Die gebürtige Leipzigerin entwickelte ihre Liebe zur Malerei schon in ihrer Kindheit. Bis heute verewigt die ausgebildete Porzellanmalerin ihre Gedankenwelt in traumhaften und anspruchsvollen Öl-, Acryl-, Federtusch-, Stoff- und Aquarellmalereien. Wendt scheute nie den Wechsel der Stilrichtungen und ist ein künstlerisches Multitalent.

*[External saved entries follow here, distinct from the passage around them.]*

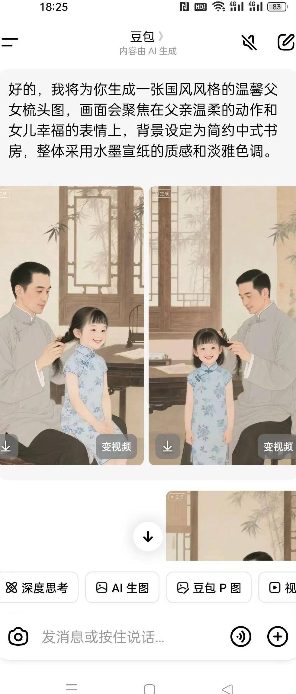 该步骤的目标是获得符合脚本意境的高质量静态图片。操作流程为:返回豆包APP,粘贴deepseek生成的长提示词,同时在模型设置中选择“国风”分类。AI会基于这一详细指令进行渲染。需从生成结果中筛选出一张构图、色彩及人物神态最符合预期的图片并下载。这是决定视频整体基调的关键环节。
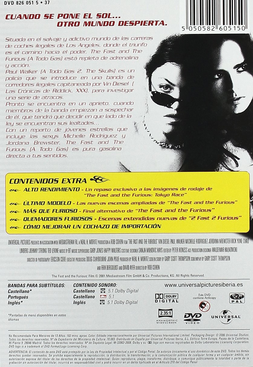 https://dvdstorespain.es/en/films/127352-a-todo-gas-edicion-especial-dvd-2013--5050582605150.html127352A Todo Gas (Edición especial) [DVD] (2001) The Fast and the FuriousUna misteriosa banda de delincuentes se dedica a robar camiones en marcha desde vehículos deportivos. La policía decide infiltrar un hombre en el mundo de las carreras ilegales para descubrir posibles sospechosos. El joven y apuesto Brian entra en el mundo del tunning donde conoce a Dominic, rey indiscutible de este mundo y sospechoso número uno, pero todo se complicará cuando se enamore de su hermana. https://dvdstorespain.es/1091220-home_default/a-todo-gas-edicion-especial-dvd-2013-.jpg7.2727instockParamount7.27277.2727002025-10-20T20:15:56+0200/Start/Start/DVD/Start/Films/Start/New
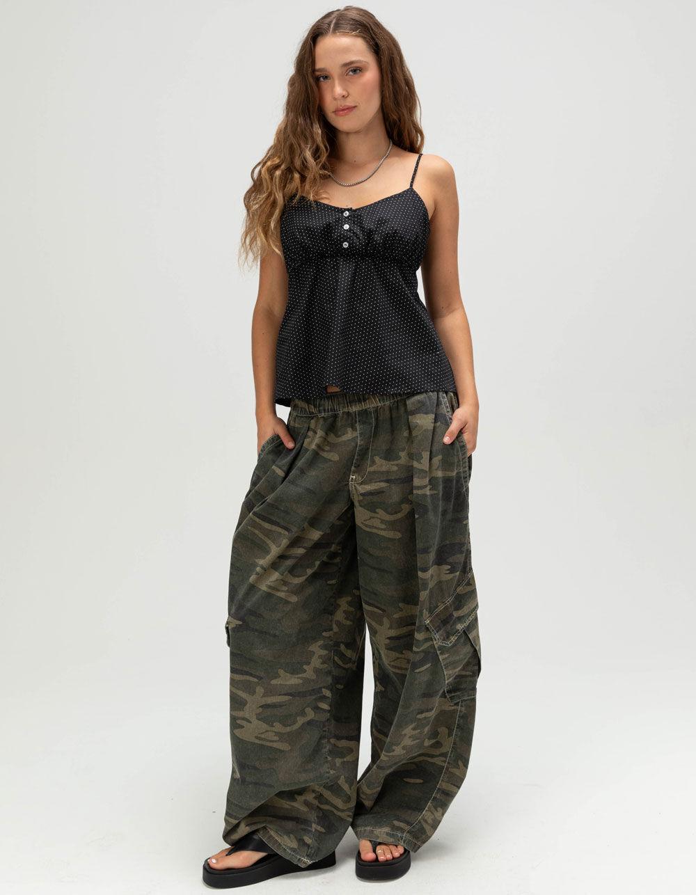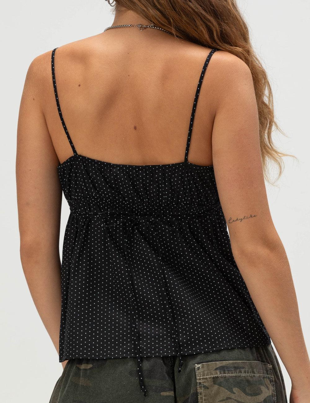 The RSQ Babydoll Cami is a playful and feminine addition to any warm-weather wardrobe. Featuring an allover polka dot pattern, this sleeveless top is designed with delicate thin straps and a gathered chest for a soft, flattering silhouette. A three-button closure at the front adds a touch of charm, while the elasticized back with a tie detail ensures a comfortable and adjustable fit. The lined chest offers added coverage, making it easy to wear on its own or layered under a light jacket. Pair it with your favorite denim or a flowy skirt for an effortlessly cute look. 98% Cotton 2% Spandex. Machine wash. Imported.

Künstlerisches Multitalent verewigt eigene Gedanken zum Klimawandel in ihren aktuellen Gemälden

Mit den auf der SWISSARTEXPO digital ausgestellten Bildern “Der Mensch-Macht und Ursache zur Umweltveränderung”, “Das wertvollste Gut” und “Spielregeln für den Weltfrieden” trifft die talentierte Malerin besser denn je den Zahn der Zeit. Visuell augenblicklich erkennbar, beschäftigen sich diese Gemälde mit den bewegenden und wichtigen Themen des Klimawandels und der Traurigkeit über immer noch herrschende gewaltvolle Konflikte auf unserem Planeten. Eindrucksvoll zeigt uns Wendt sozialkritisch und umweltbewusst, wer für das Gute und das Schlechte auf dieser Welt verantwortlich gemacht werden kann und es allein in der Hand hat, die Dinge zum Besseren zu wenden.

Kunstwerk von Jana Wendt

Jana Wendt appelliert an das Verständnis des Menschen und gibt ihm gleichzeitig Lösungsansätze mit auf den Weg. Das Werk “Das wertvollste Gut” macht ganz eindeutig klar, was viele von uns Menschen oft vergessen, nämlich dass die Zeit, die wir auf dieser wunderschönen Erde verbringen dürfen, einmalig und kostbar ist. Genauso ist es die Natur, die im Einklang mit dem Menschen lebt, was das Gemälde “Der Mensch-Ursache und Macht zur Umweltveränderung” tiefgründig behandelt.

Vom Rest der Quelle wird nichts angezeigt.